* **RECORD SET**:
★ ★ ★ ★ ★
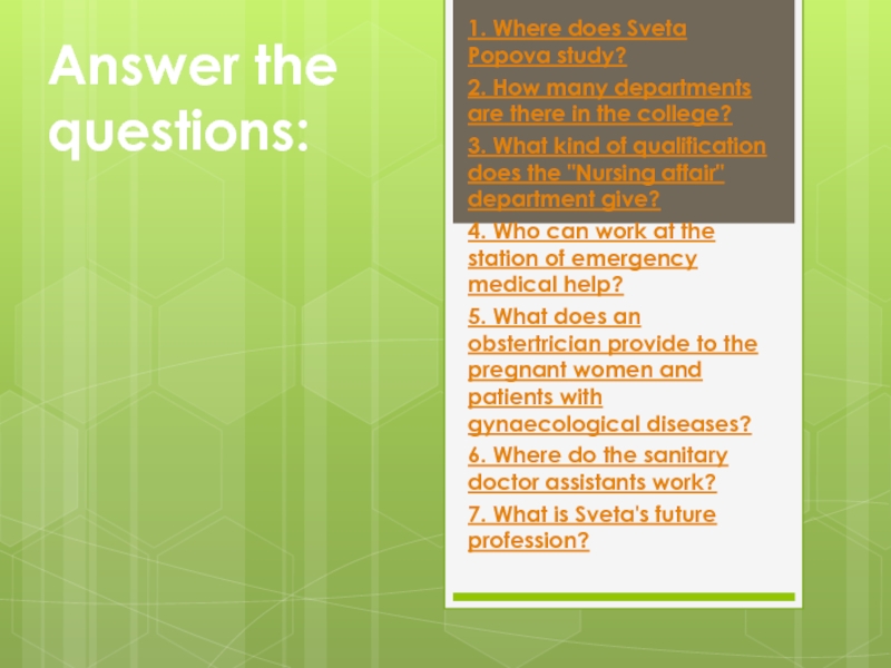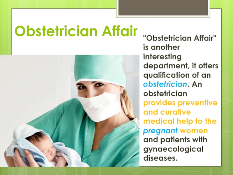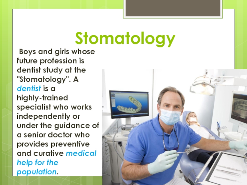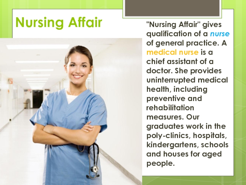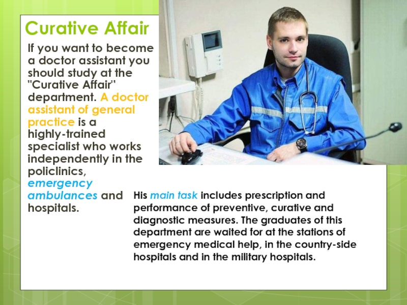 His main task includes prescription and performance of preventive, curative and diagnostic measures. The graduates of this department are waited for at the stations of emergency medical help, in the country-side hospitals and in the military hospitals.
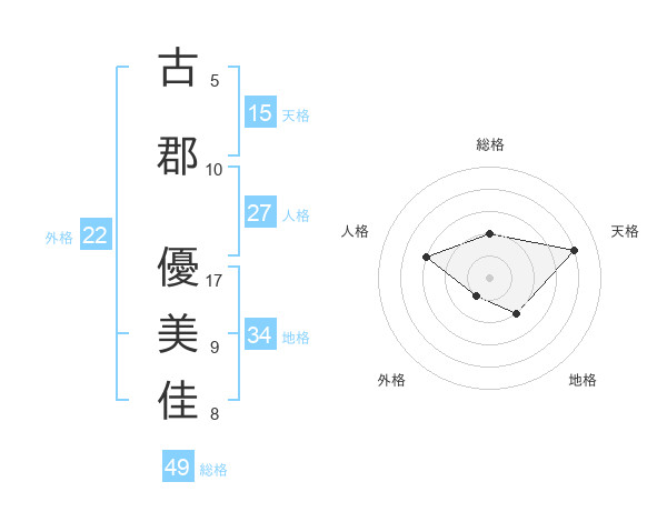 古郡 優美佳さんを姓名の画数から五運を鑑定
★ ★ ★ ★ ★
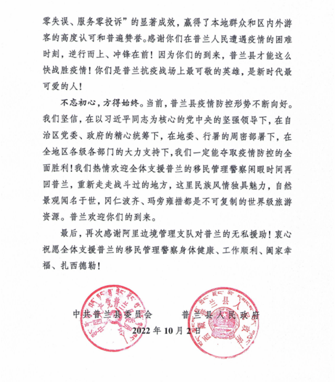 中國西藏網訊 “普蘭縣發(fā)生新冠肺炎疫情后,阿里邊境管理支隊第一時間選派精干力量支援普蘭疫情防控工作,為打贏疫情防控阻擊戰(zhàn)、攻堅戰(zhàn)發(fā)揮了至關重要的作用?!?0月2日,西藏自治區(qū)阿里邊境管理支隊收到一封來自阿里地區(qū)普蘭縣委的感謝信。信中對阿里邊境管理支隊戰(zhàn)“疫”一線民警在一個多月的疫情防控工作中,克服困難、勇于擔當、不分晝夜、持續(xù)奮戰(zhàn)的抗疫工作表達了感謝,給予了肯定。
★ ★ ★ ★ ★
* **DIRECTIONS**:
Word for word, retype the lines in the entries above that run from the one with "His main task" through the one with "古郡 優美佳さんを姓名の画数から五運を鑑定". Both ends count; pictures do not.

* **EXERCISE RESULT**:
 His main task includes prescription and performance of preventive, curative and diagnostic measures. The graduates of this department are waited for at the stations of emergency medical help, in the country-side hospitals and in the military hospitals.
 古郡 優美佳さんを姓名の画数から五運を鑑定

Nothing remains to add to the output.